Challenges we ran into

-Handling messy data imported from different social media apis

  • *Integrating snowflake backend with frontend *
  • *Integrating fastapi backend with frontend *
  • *Gemini API rate limiting: * Low rate limiting from the main model **

Accomplishments that we're proud of

  • Learned how to use Mapbox to create a 3d geospatial world.
  • A real data pipeline backed by Snowflake, not a flat JSON file.
  • A confidence formula that's actually explainable. We can point a judge at scoring.py and walk through exactly why a given incident is yellow vs. red.
  • A backend that does three completely different ML jobs (Gemini 3.1 flash lite classification, Gemini vision, Gemini grounded search) and unifies them into one clean ClassifiedReport schema.
  • The pipeline runs end-to-end with stub fallbacks for every external service, so the app boots and produces realistic clustered output even when API keys are missing.

What we learned

  • Grounding metadata is a goldmine. Even when Gemini's JSON response was malformed, we could fall back to response.candidates[0].grounding_metadata.grounding_chunks to recover real news source URLs. Always parse both.
  • Spatial-temporal DBSCAN is the right tool. Trying to merge "spatially close" and "temporally close" into a single distance metric got messy fast. Two passes, spatial first, then temporal splits, was both simpler and gave better clusters.
  • A real database changes everything. Putting Snowflake in front of the pipeline early, instead of "we'll swap the JSON file later", meant our data model was forced to be production-shaped from day one.

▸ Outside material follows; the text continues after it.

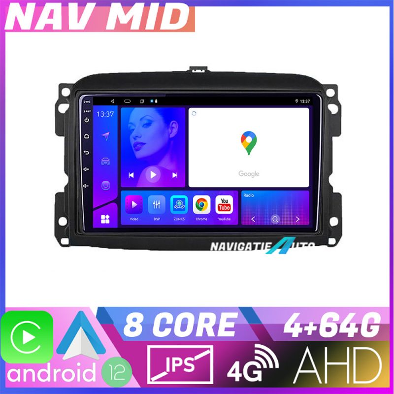 Navigatie Fiat 500 2015 2021 KIT 500new EDOTEC-LITE Android Ecran 720P Octa Core 4 64 Carplay
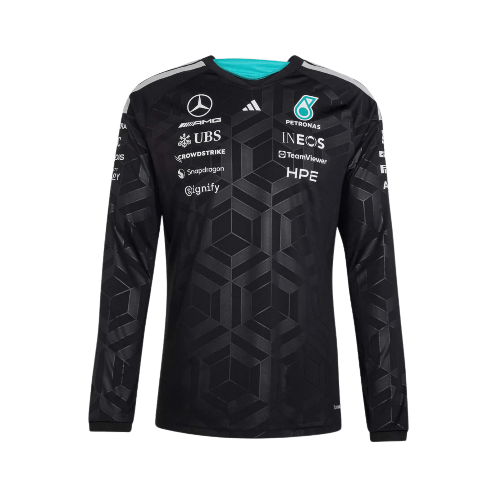 Diseñada para los aficionados que viven la emoción de las carreras, la Playera Mercedes Manga Larga 2026 Negra combina estilo y rendimiento en un elegante diseño.

What's next for ThreeOneOne

  • More social ingest.: Get api permissions from Meta, Instagram, and other social medias to gather more data.
  • Snowflake-side analytics. Now that every report we've ever processed is queryable, build a small admin dashboard showing trend lines: hazards by type per day, neighborhoods with the highest report density, sources with the highest accuracy.
  • WebSocket live updates. Right now the frontend polls and a backend script has to be run to send database info to frontend. In the future, incidents should push to the map the moment a new cluster forms.
  • Trust scoring per source. Track which accounts have historically been accurate vs. noisy and weight their reports accordingly. Snowflake makes the historical join trivial.
  • Resolved-incident workflow. Once a city crew clears a hazard, mark the incident resolved and decay it off the map.
  • City partnerships. Talk to municipal 311 teams about piloting it as a pre-call signal feed.